Symbols, such as poppies, and dates, like November 11th, stand as important reminders in our national consciousness of the sacrifices of those who have gone before us. Would Americans cling so strongly to the memory of our Revolutionary struggle and of the courage of our Founding Fathers – Washington, Franklin, Adams and Jefferson – without the annual reminder provided by the Fourth of July holiday? The Revolutionary War, our Nation’s greatest military struggle of the 18th Century, is thus commemorated annually. Memorial Day first came into being in the 1860s as both Union and Confederate women placed wreaths at the tombs of fallen soldiers on what was

then called “Decoration Day.” Thus, Americans still annually honor sacrifices reaching back to the Civil War, our Nation’s greatest conflict of the 19th Century, in the commemorations on Memorial Day.

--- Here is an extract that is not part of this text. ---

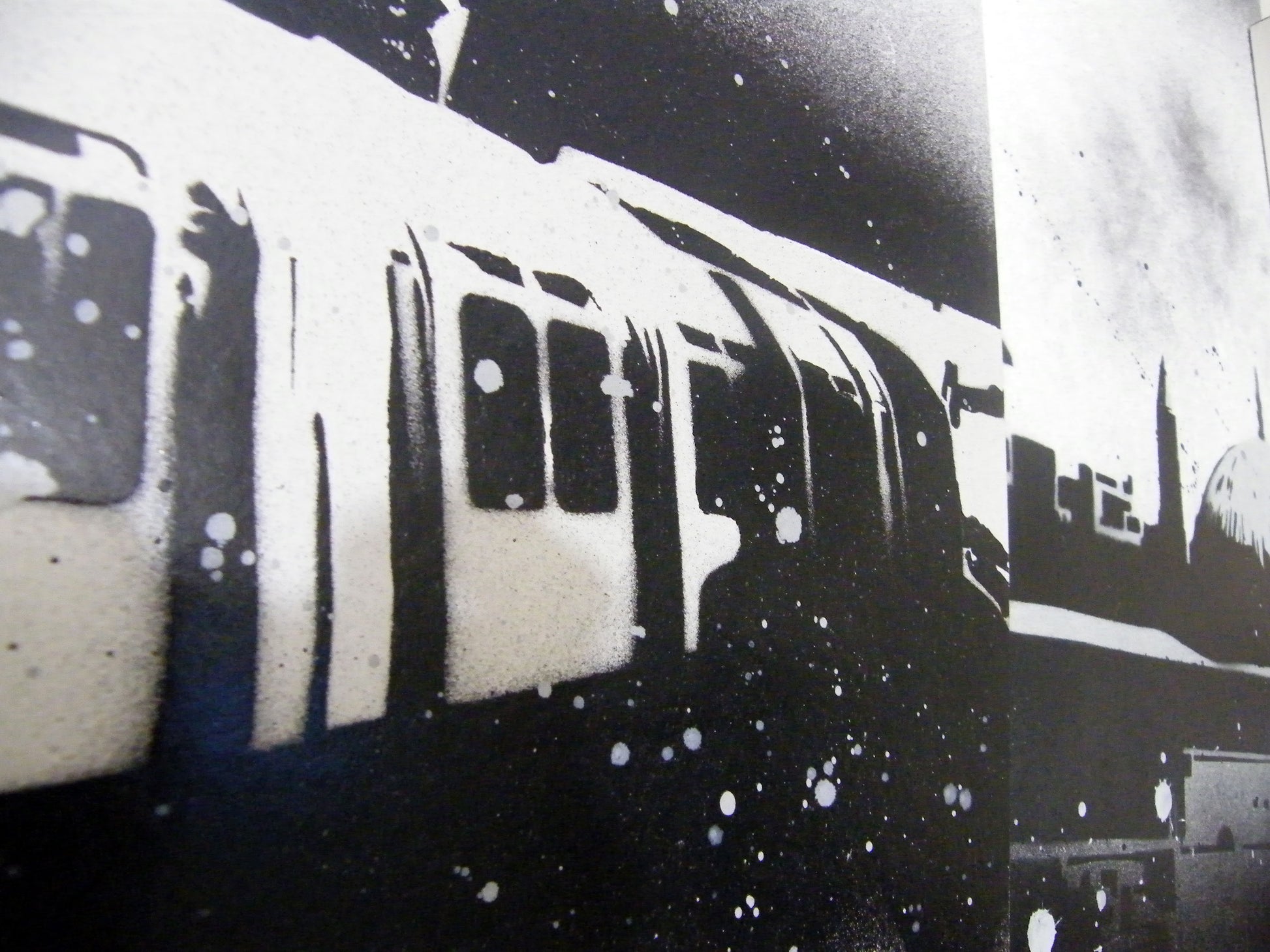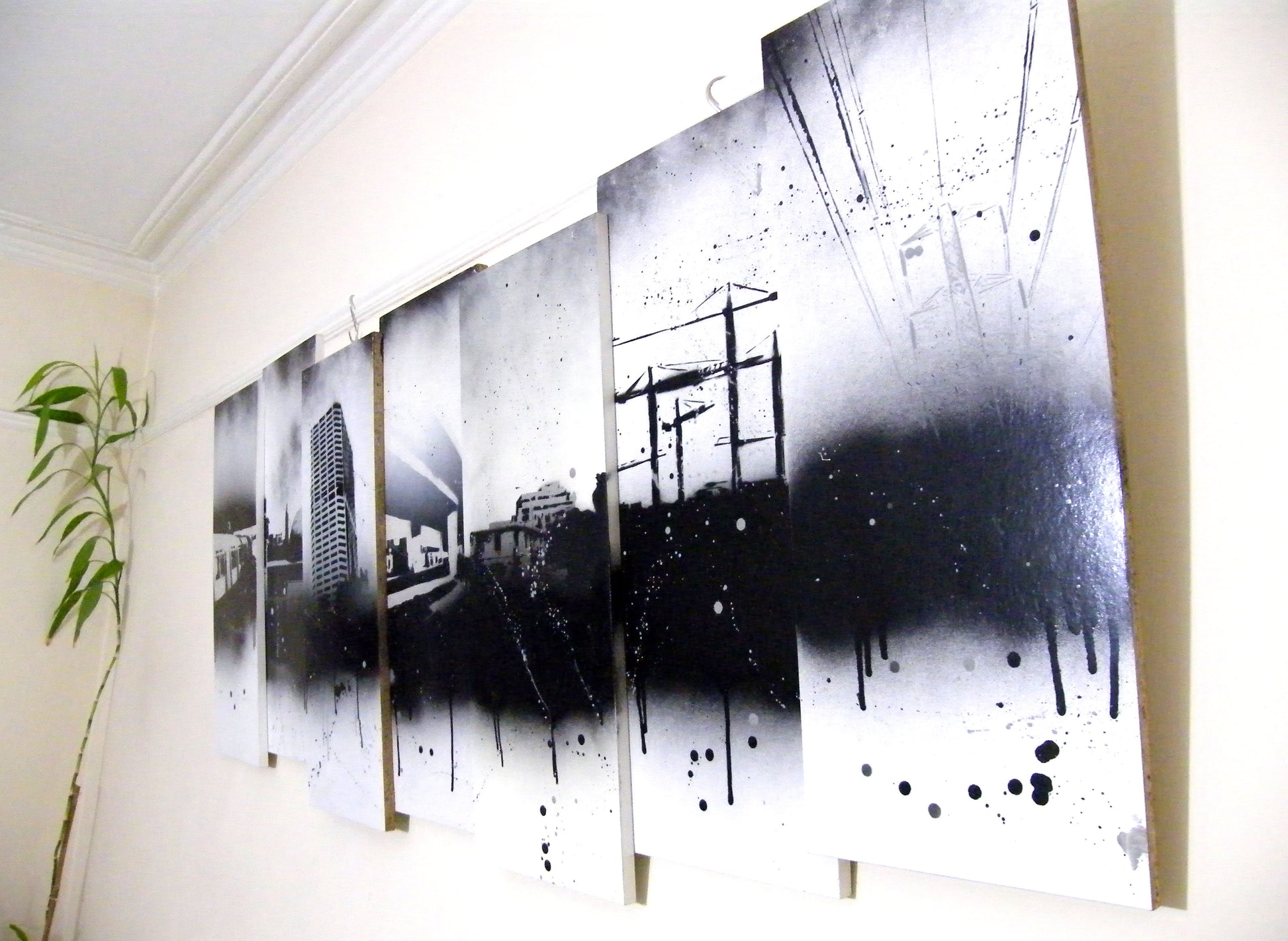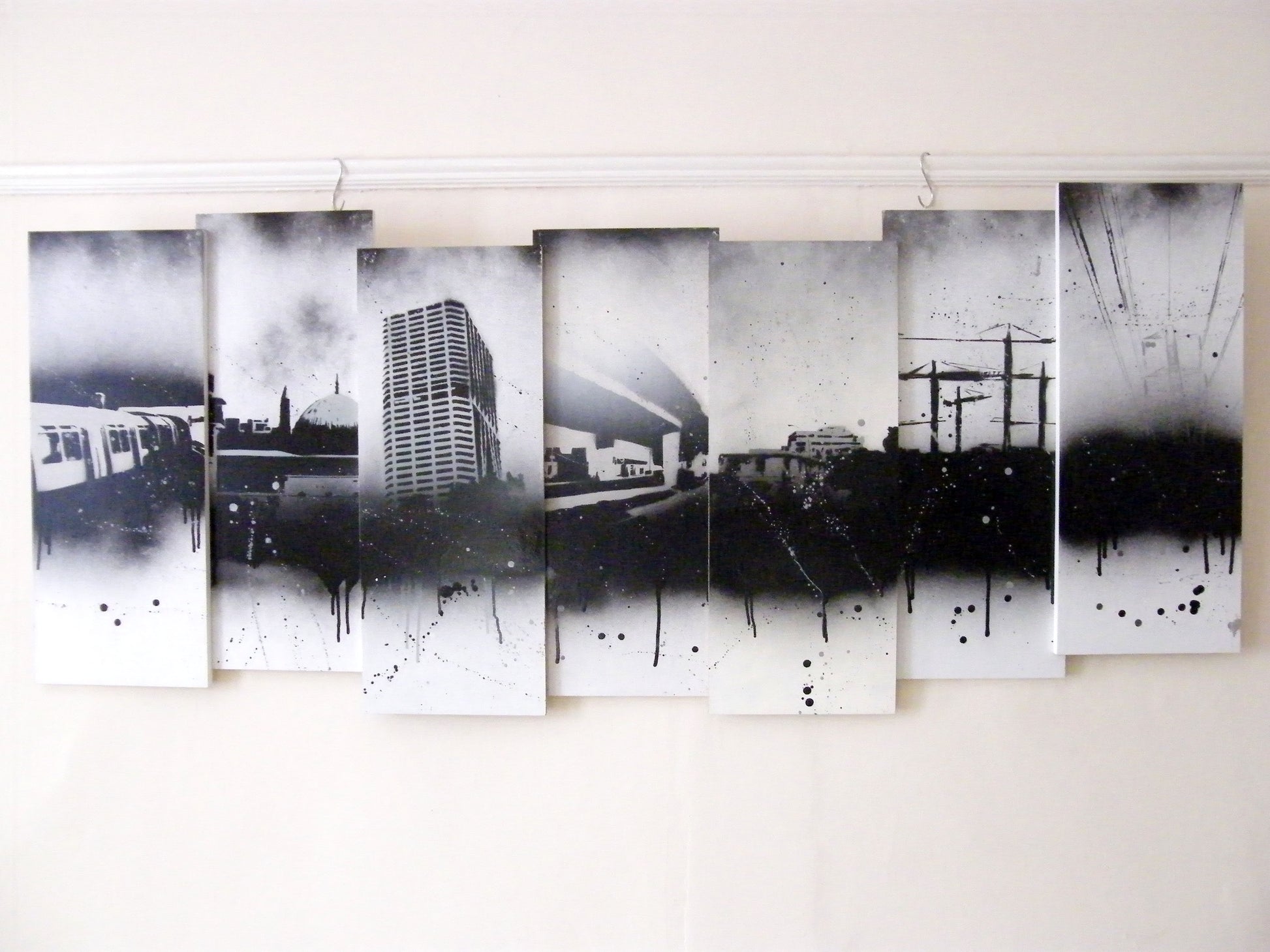 A series of paintings all connected to create a large piece, showing stencilled photographs of Manchester and other parts of the world.

That leaves the greatest conflict of the Twentieth Century, alone, in lacking some form of official recognition. While movies such as “Saving Private Ryan” and “Flags of Our Fathers” remind younger generations of the sacrifices of the Second World War, the memories are slowly fading. Those who are members of what has been called “The Greatest Generation” are increasingly passing from the scene. World War II veterans are estimated to be dying at a rate of one thousand per day.

August 15, 1945 was the “Armistice Day” of the Second World War. On that date, V-J Day, the guns finally fell silent after years of war. In that famous Times Square photo, the sailor kissing the pretty girl he’d never met symbolized the general euphoria of both our Nation and the entire world. But the hurrahs soon fell silent as we faced the stark realities of the Cold War. It took the quiet, roll-up-your-sleeves-and-get-the-job-done Greatest Generation fifty-nine years to get its own World War II Memorial on the National Mall.

To remember and appreciate the sacrifices our military have made is the least we can do on Veterans Day. Our gratitude requires the fullest expression if we are to be worthy of their sacrifice.

This last August 15th drew scant public attention. I traveled with a Congressional Delegation to Guadalcanal to lay a modest wreath there to those who had fallen in that horrific battle. But the world took little note of this important date, and there were few other commemorations. Perhaps now is finally the time for Congress to consider designating August 15th as a national holiday. People may then remember to say, even if the Republic lasts for one thousand years, that this date was America’s finest hour.